(Data shown)

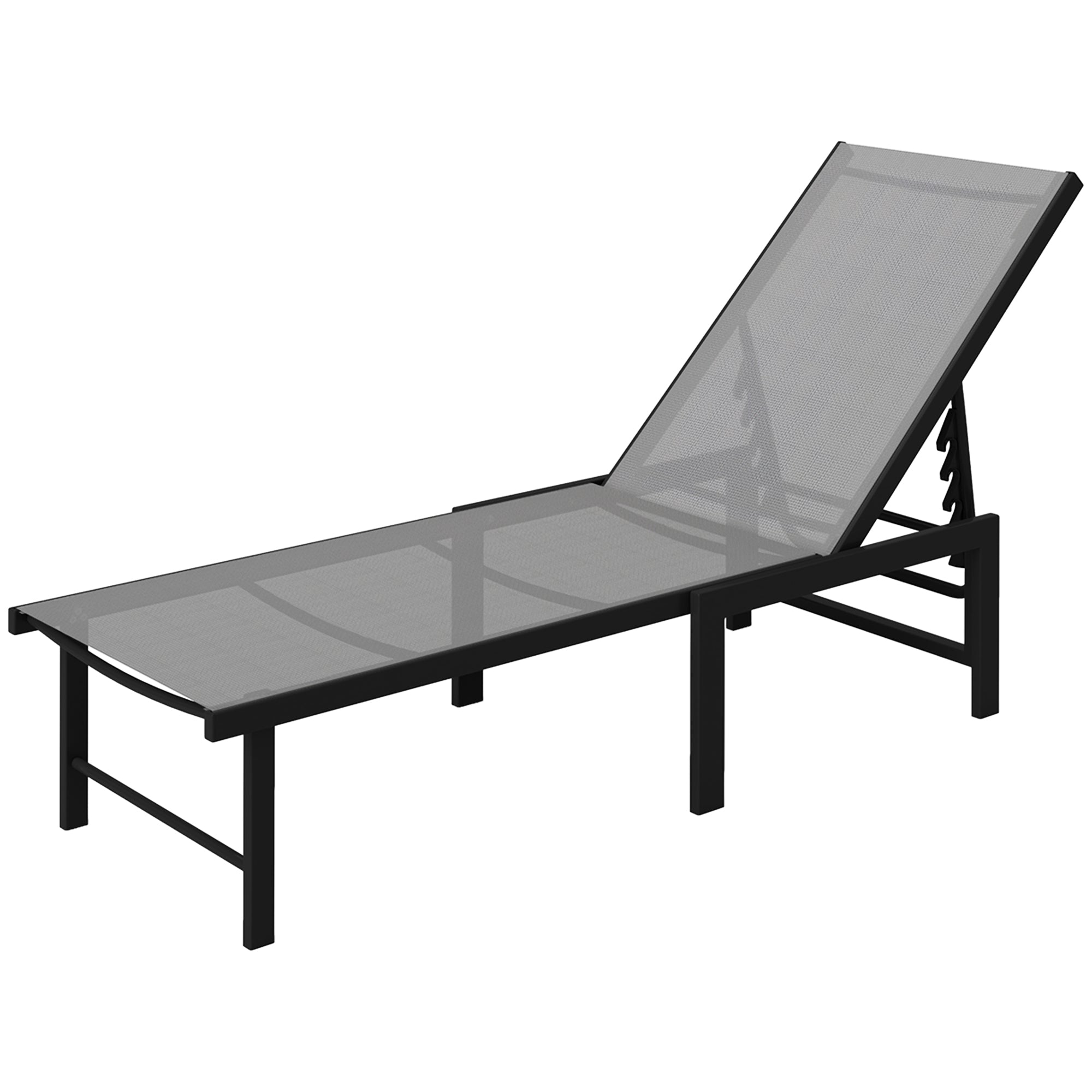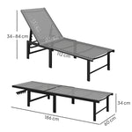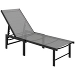 Sun Lounger for Garden, 5-Level Adjustable Reclining Sun Lounger Chair, Flat Garden Lounger Sunbed with Texteline Seat, Steel Frame for Patio, Beach, Grey
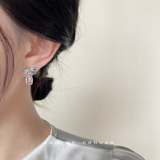 C廠【3958】粉紅色玻璃水晶甜美小清新蝴蝶結銀針耳飾氣質簡約通勤個性ins耳環 24.05-1
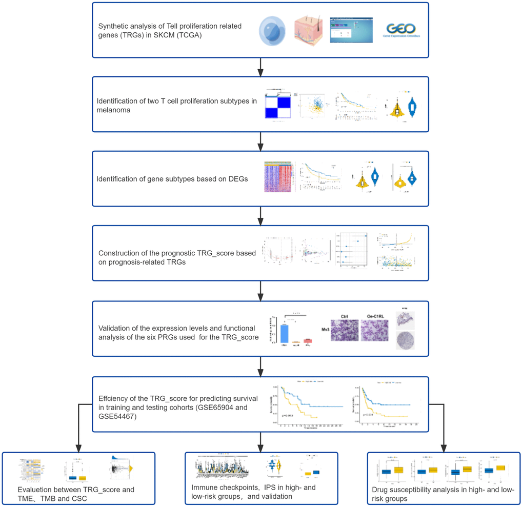 A recent study discovered a total of 33 genes called T cell proliferation-related genes (TRGs), which could drive T cell proliferation, promote proinflammatory cytokine secretion and increase the expression of activation markers [20]. However, the effects of these T cell proliferation-related genes (TRGs) on the prognosis and treatment responses of patients with SKCM remain unclear.
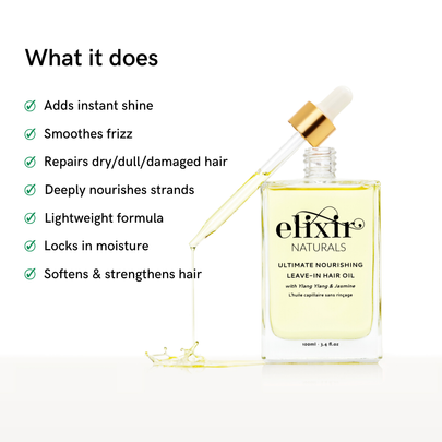 Elixir Naturals is a women-owned hair care brand rooted in intentional hair rituals that nourish from root to tip—because hair wellness is the foundation to your best hair days. Inspired by nature, our Ultimate Nourishing Hair Oil repairs, nourishes, and strengthens hair while taming frizz and enhancing shine.
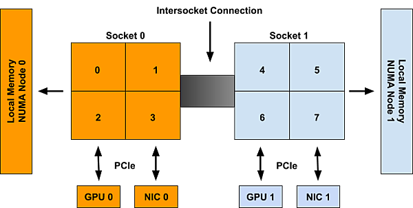 2ソケットでそれぞれ4CPU、2GPU、2NICという2つのNUMAノードを持つシステムの例
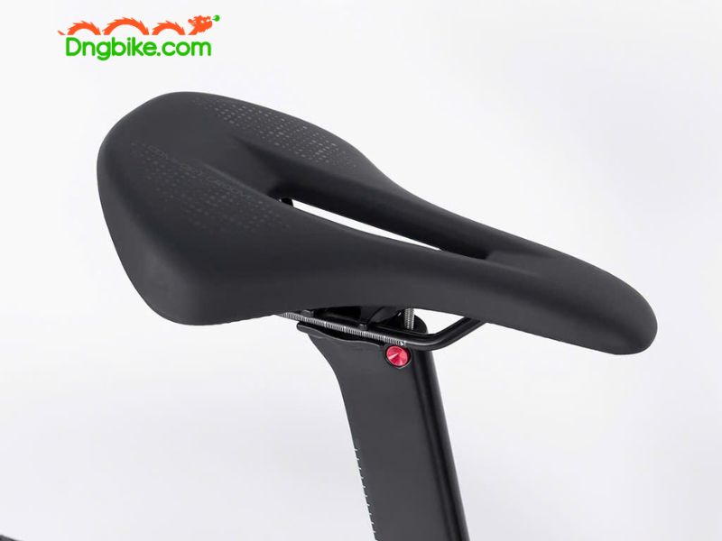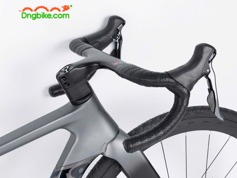 Chiếc xe cũng được trang bị nhiều chi tiết nâng cấp: ghi đông carbon liền potang đầu cá mập với thiết kế dây âm 100% tăng khí động học, dây quấn da đục lỗ chống trơn trượt, cùng cụm phanh khắc logo tinh xảo. Đặc biệt, phần yên Comfor bản rộng rỗng giữa mang lại sự êm ái, ôm hông tốt hơn, giúp người mới chơi hạn chế cảm giác đau mỏi khi ngồi lâu.
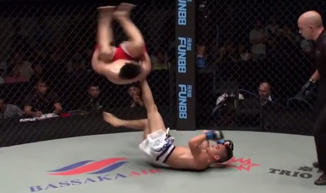 Durante uma luta de MMA válida pelo One Championship, na Ásia, o lutador Wu Zen tentou dar um golpe giratório inusitado que poderia acabar com a luta. O problema foi que ele errou e acertou em cheio outra parte do adversário. Veja só:
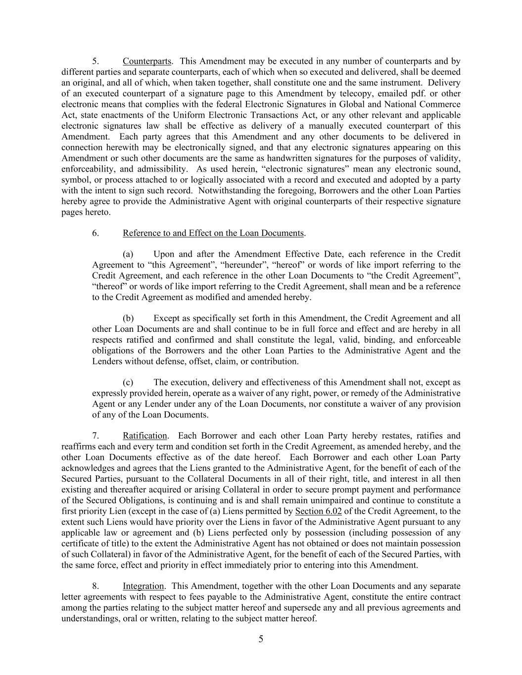 5 5. Counterparts. This Amendment may be executed in any number of counterparts and by different parties and separate counterparts, each of which when so executed and delivered, shall be deemed an original, and all of which, when taken together, shall constitute one and the same instrument. Delivery of an executed counterpart of a signature page to this Amendment by telecopy, emailed pdf. or other electronic means that complies with the federal Electronic Signatures in Global and National Commerce Act, state enactments of the Uniform Electronic Transactions Act, or any other relevant and applicable electronic signatures law shall be effective as delivery of a manually executed counterpart of this Amendment. Each party agrees that this Amendment and any other documents to be delivered in connection herewith may be electronically signed, and that any electronic signatures appearing on this Amendment or such other documents are the same as handwritten signatures for the purposes of validity, enforceability, and admissibility. As used herein, “electronic signatures” mean any electronic sound, symbol, or process attached to or logically associated with a record and executed and adopted by a party with the intent to sign such record. Notwithstanding the foregoing, Borrowers and the other Loan Parties hereby agree to provide the Administrative Agent with original counterparts of their respective signature pages hereto. 6. Reference to and Effect on the Loan Documents. (a) Upon and after the Amendment Effective Date, each reference in the Credit Agreement to “this Agreement”, “hereunder”, “hereof” or words of like import referring to the Credit Agreement, and each reference in the other Loan Documents to “the Credit Agreement”, “thereof” or words of like import referring to the Credit Agreement, shall mean and be a reference to the Credit Agreement as modified and amended hereby. (b) Except as specifically set forth in this Amendment, the Credit Agreement and all other Loan Documents are and shall continue to be in full force and effect and are hereby in all respects ratified and confirmed and shall constitute the legal, valid, binding, and enforceable obligations of the Borrowers and the other Loan Parties to the Administrative Agent and the Lenders without defense, offset, claim, or contribution. (c) The execution, delivery and effectiveness of this Amendment shall not, except as expressly provided herein, operate as a waiver of any right, power, or remedy of the Administrative Agent or any Lender under any of the Loan Documents, nor constitute a waiver of any provision of any of the Loan Documents. 7. Ratification. Each Borrower and each other Loan Party hereby restates, ratifies and reaffirms each and every term and condition set forth in the Credit Agreement, as amended hereby, and the other Loan Documents effective as of the date hereof. Each Borrower and each other Loan Party acknowledges and agrees that the Liens granted to the Administrative Agent, for the benefit of each of the Secured Parties, pursuant to the Collateral Documents in all of their right, title, and interest in all then existing and thereafter acquired or arising Collateral in order to secure prompt payment and performance of the Secured Obligations, is continuing and is and shall remain unimpaired and continue to constitute a first priority Lien (except in the case of (a) Liens permitted by Section 6.02 of the Credit Agreement, to the extent such Liens would have priority over the Liens in favor of the Administrative Agent pursuant to any applicable law or agreement and (b) Liens perfected only by possession (including possession of any certificate of title) to the extent the Administrative Agent has not obtained or does not maintain possession of such Collateral) in favor of the Administrative Agent, for the benefit of each of the Secured Parties, with the same force, effect and priority in effect immediately prior to entering into this Amendment. 8. Integration. This Amendment, together with the other Loan Documents and any separate letter agreements with respect to fees payable to the Administrative Agent, constitute the entire contract among the parties relating to the subject matter hereof and supersede any and all previous agreements and understandings, oral or written, relating to the subject matter hereof.
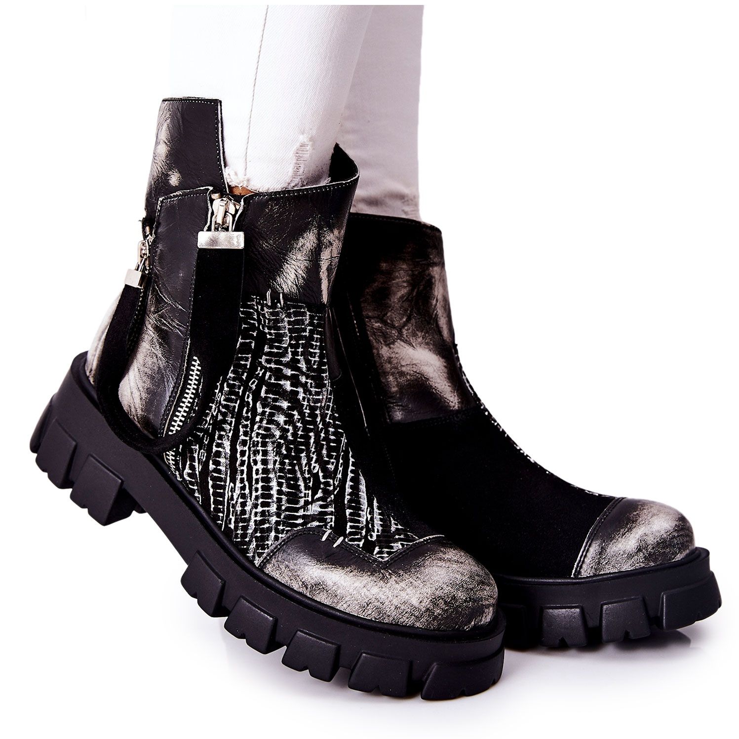 Tillverkade av högkvalitativt naturligt läder och mocka, garanterar de hållbarhet och komfort vid användning. Fina sömmar och olika mönster ger dem en unik karaktär som skiljer sig från andra modeller. Den dekorativa remmen, placerad bredvid blixtlåsen på utsidan, framhäver den moderna designen och attraktiviteten hos dessa stövlar.

(End Data shown)

● **The task**
Return only the lines running from the top of the data to the line that holds "A recent study". Include both of those lines, but skip the pictures.

● **Result below**
 Sun Lounger for Garden, 5-Level Adjustable Reclining Sun Lounger Chair, Flat Garden Lounger Sunbed with Texteline Seat, Steel Frame for Patio, Beach, Grey
 C廠【3958】粉紅色玻璃水晶甜美小清新蝴蝶結銀針耳飾氣質簡約通勤個性ins耳環 24.05-1
 A recent study discovered a total of 33 genes called T cell proliferation-related genes (TRGs), which could drive T cell proliferation, promote proinflammatory cytokine secretion and increase the expression of activation markers [20]. However, the effects of these T cell proliferation-related genes (TRGs) on the prognosis and treatment responses of patients with SKCM remain unclear.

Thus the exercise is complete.